Notice in Genesis 2 and 3 that nowhere does one find a covenant oath.  God is not promising or pledging anything to Adam.  He is commanding him and warning him.  The word “commanded” in Genesis 2:16 is sava, which indicates a charge, commission, or command.  It does not mean to take an oath.  But more than this, the command is fixed.  It is not to be paraphrased (note what Eve said in Gen. 3:2-3), nor is it to be spiritualized.  God literally meant what He said (cf.
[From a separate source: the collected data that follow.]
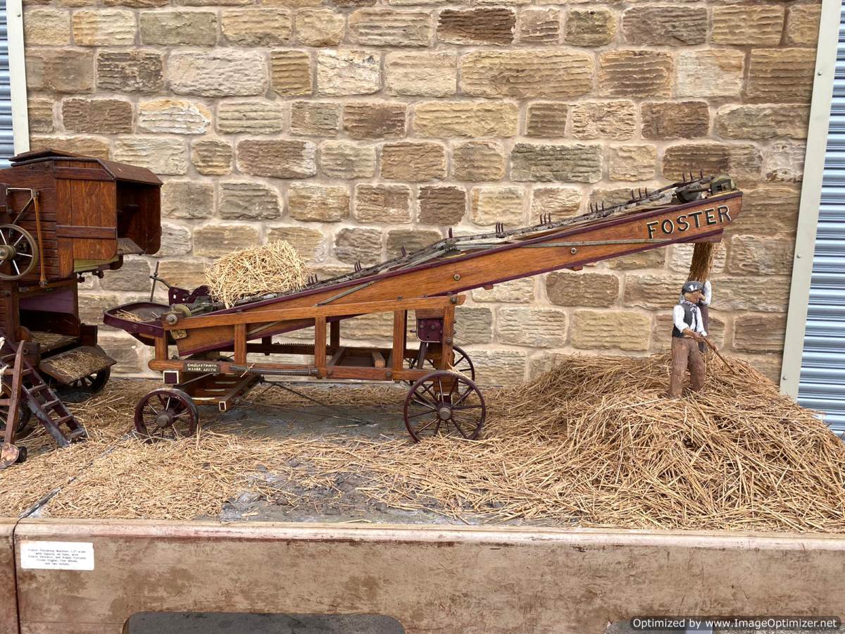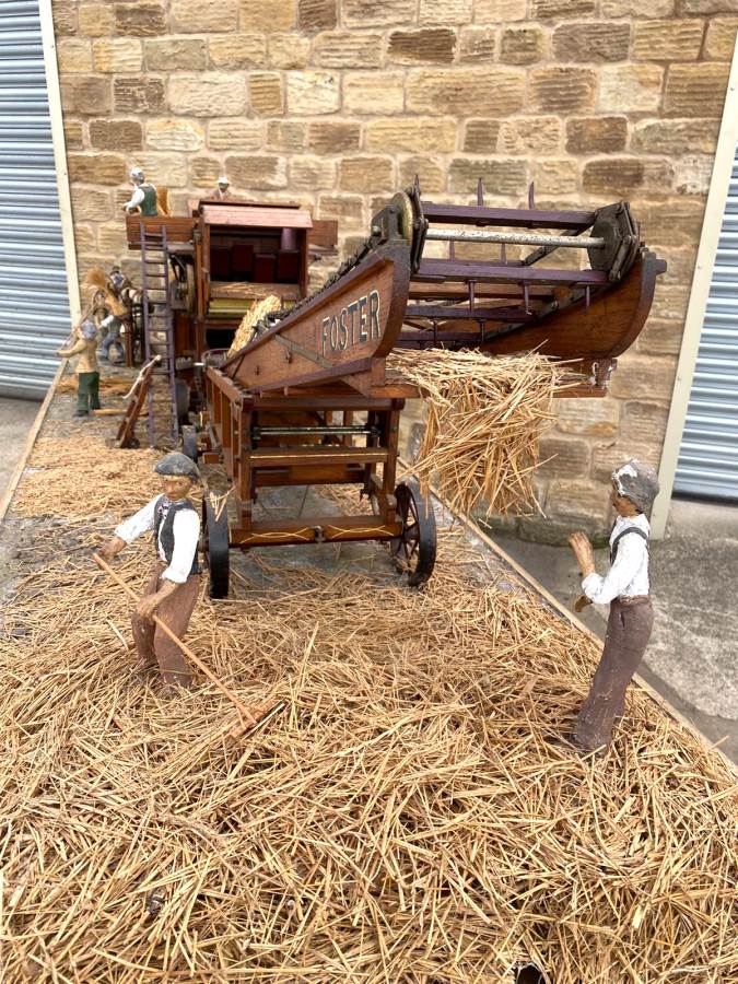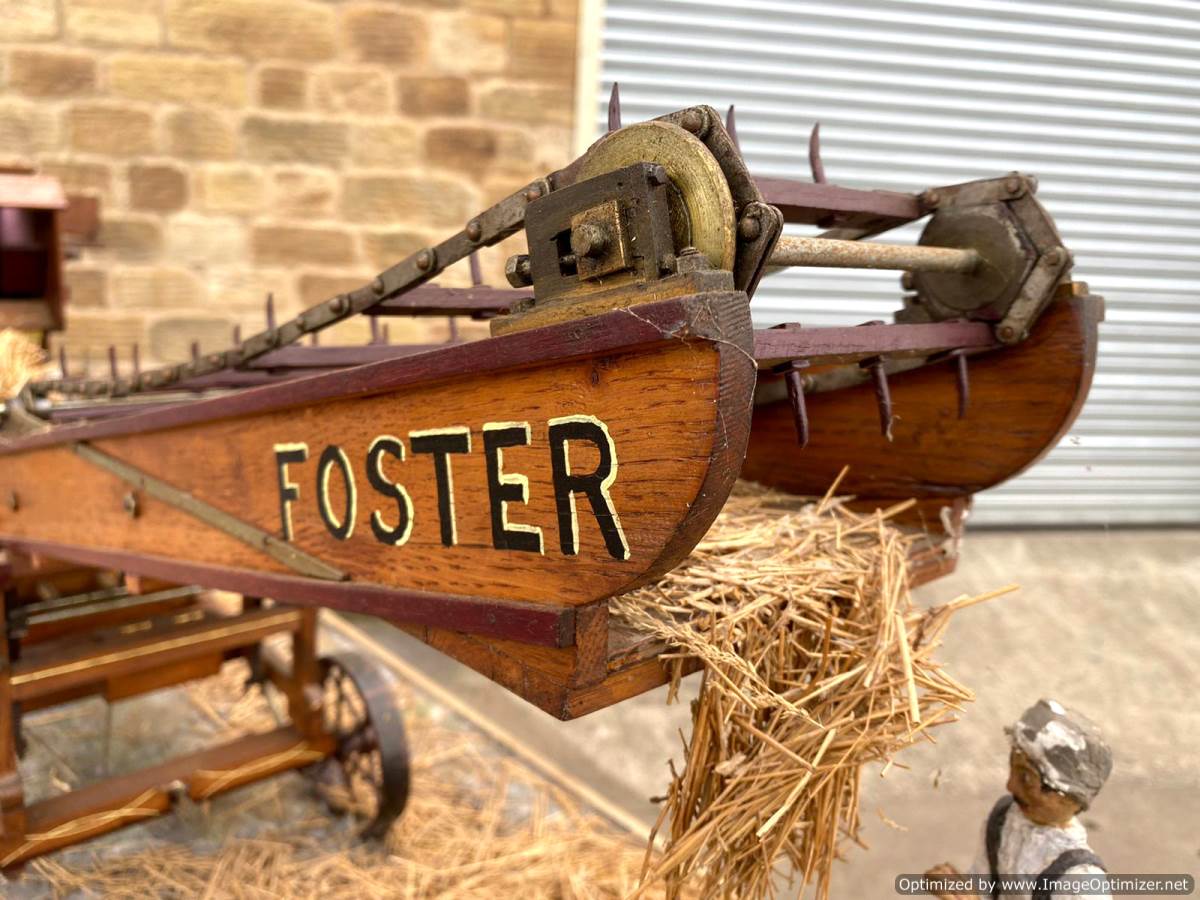 The whole display includes the Robey portable engine and the Foster hay lifter and is listed here separately. It comes on a large aluminium table that bolts together, and the three individual diorama sections bolt together in place so that it all becomes secure. There is also a large cover box that fits both on top of the models as protection and underneath them as a neater display table.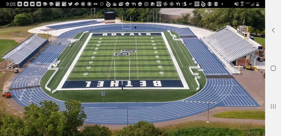 Bethel’s handsome new field and stadium improvements are shown by this photo supplied by Max Stein ’04.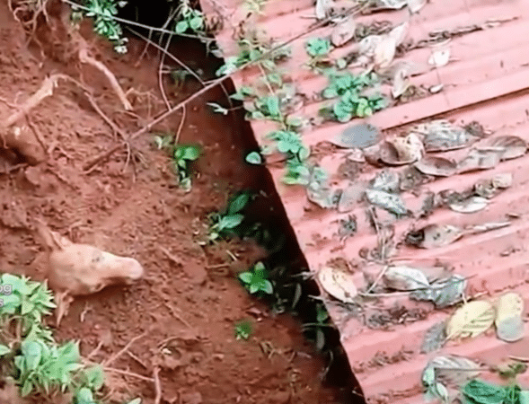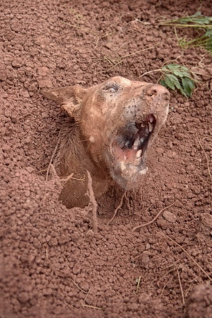 As the soil cleared away, the rescuer discovered a brown mother dog buried almost completely under the landslide.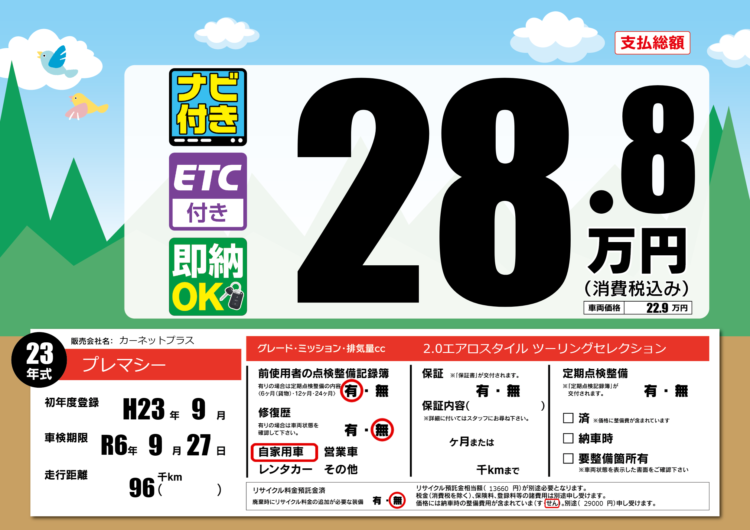 | 車名 | プレマシー | グレード ミッション 排気量 |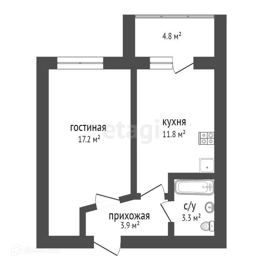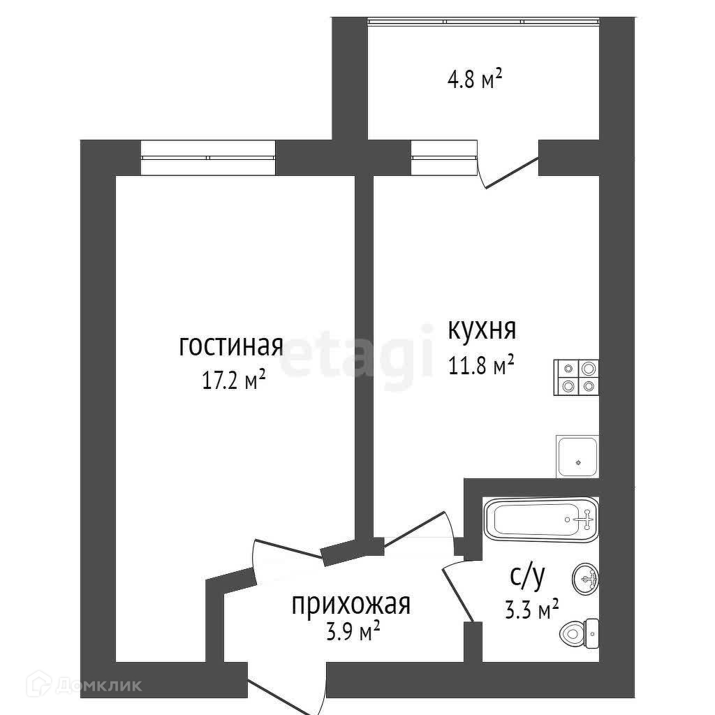 - отличная планировка – просторная комната и большая кухня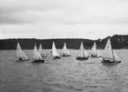 Volontärsegling med stjärnbåtar och måsungar, ovisst när. På bilden se fr v t h måsunge 51, stjärnbåt 101 DIRIGOLD, måsunge 40 och stjärnbåt 106 METEOR. Namnen DIRIGOLD och METEOR var aktuella vid mitten av 1930-talet.

Gen. 3:11). 

When the inspired text says that the eyes of our first parents were opened in Genesis 3:7 it is not referring to anything remotely positive.  Their eyes were “opened” to “see” or “know” things differently than the way God intended for them.  Of course, a person can’t know what isn’t true, but that is the problem.  Sin distorts the mind, and the mind distorts interpretation, which in turn results in believing lies as truth.  And the new birth does not completely rectify the problem, as any reader of 1 Corinthians and Galatians can testify. 

So, the Fall brought about independence from God in our interpretation of things, and distortion of knowledge which leads to distortion of how we interpret reality.  These two powerful hermeneutical defaults, especially the former, affect the way we comprehend God’s Word.  The only remedy is for us to bring ourselves under the authority of the words God actually uses.